*** Opening of DATASET SECTION ***
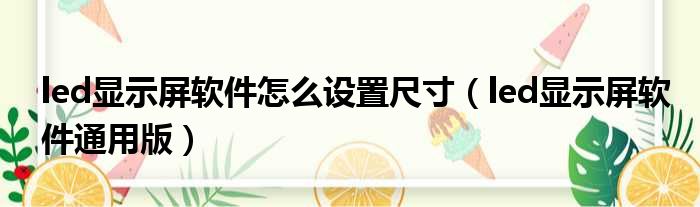 导读 大家好,小活来为大家解答以上的问题。led显示屏软件怎么设置尺寸,led显示屏软件通用版这个很多人还不知道,现在让我们一起来看看吧!1、LED
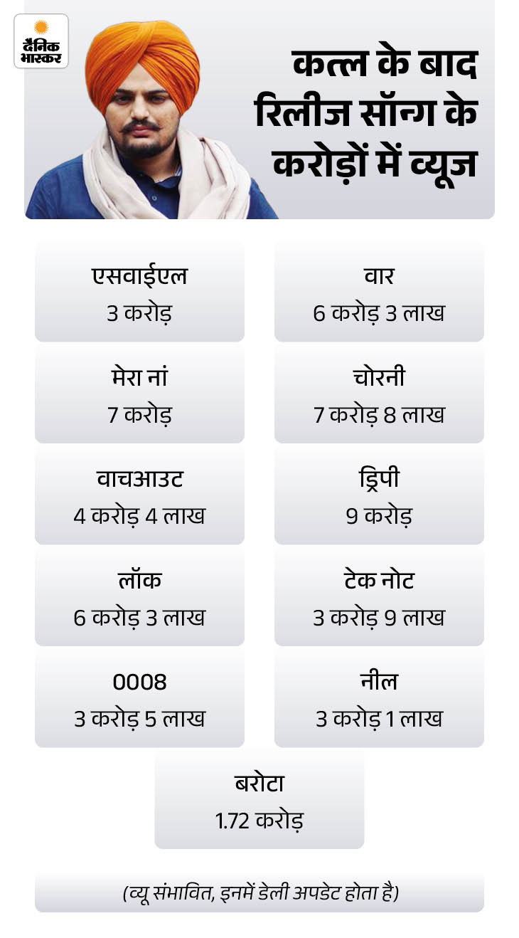सिद्धू मूसेवाला का नया सॉन्ग रिलीज, 3 घंटे में 2 मिलियन व्यूज, 7 लाख से ज्यादा लाइक; कत्ल के बाद 9वां गाना
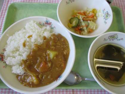 カレーだけ、ごはんだけが残らないように上手に配膳、おかわりしてください。
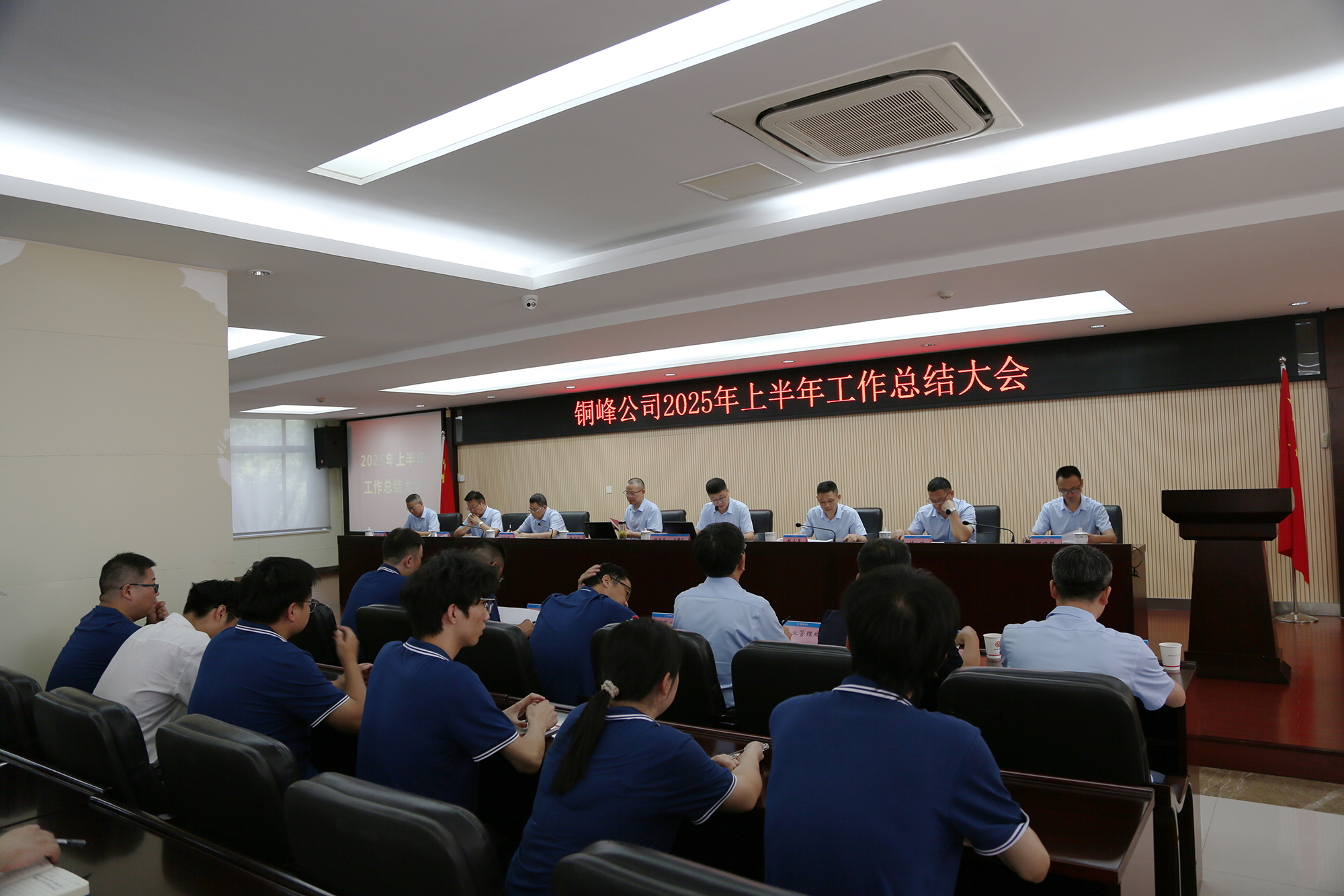 8月8日下午,公司在辦公樓二樓職教室隆重召開2025年上半年工作總結(jié)大會。公司黨政領(lǐng)導班子成員、各生產(chǎn)經(jīng)營單位車間主任和職能部門主管級以上人員、部分職工代表和新進大學生代表等參加會議。會議認真復盤上半年運營成果,深入分析當前經(jīng)營形勢,精心謀劃下半年重點工作。公司黨委書記、董事長黃明強出席會議并作總結(jié)講話,對公司上半年工作進行總體分析,對下半年工作提出要求。總經(jīng)理鮑俊華主持會議,并對公司各單位和部門的具體工作進行點評。公司各生產(chǎn)單位和相關(guān)職能部門分別匯報了上半年主要工作及下半年工作計劃。
*** Close of DATASET SECTION ***
ACTIVITY. The pictures in the data should be omitted, and every remaining line set down exactly.

FINISHED TASK.
 导读 大家好,小活来为大家解答以上的问题。led显示屏软件怎么设置尺寸,led显示屏软件通用版这个很多人还不知道,现在让我们一起来看看吧!1、LED
सिद्धू मूसेवाला का नया सॉन्ग रिलीज, 3 घंटे में 2 मिलियन व्यूज, 7 लाख से ज्यादा लाइक; कत्ल के बाद 9वां गाना
 カレーだけ、ごはんだけが残らないように上手に配膳、おかわりしてください。
 8月8日下午,公司在辦公樓二樓職教室隆重召開2025年上半年工作總結(jié)大會。公司黨政領(lǐng)導班子成員、各生產(chǎn)經(jīng)營單位車間主任和職能部門主管級以上人員、部分職工代表和新進大學生代表等參加會議。會議認真復盤上半年運營成果,深入分析當前經(jīng)營形勢,精心謀劃下半年重點工作。公司黨委書記、董事長黃明強出席會議并作總結(jié)講話,對公司上半年工作進行總體分析,對下半年工作提出要求。總經(jīng)理鮑俊華主持會議,并對公司各單位和部門的具體工作進行點評。公司各生產(chǎn)單位和相關(guān)職能部門分別匯報了上半年主要工作及下半年工作計劃。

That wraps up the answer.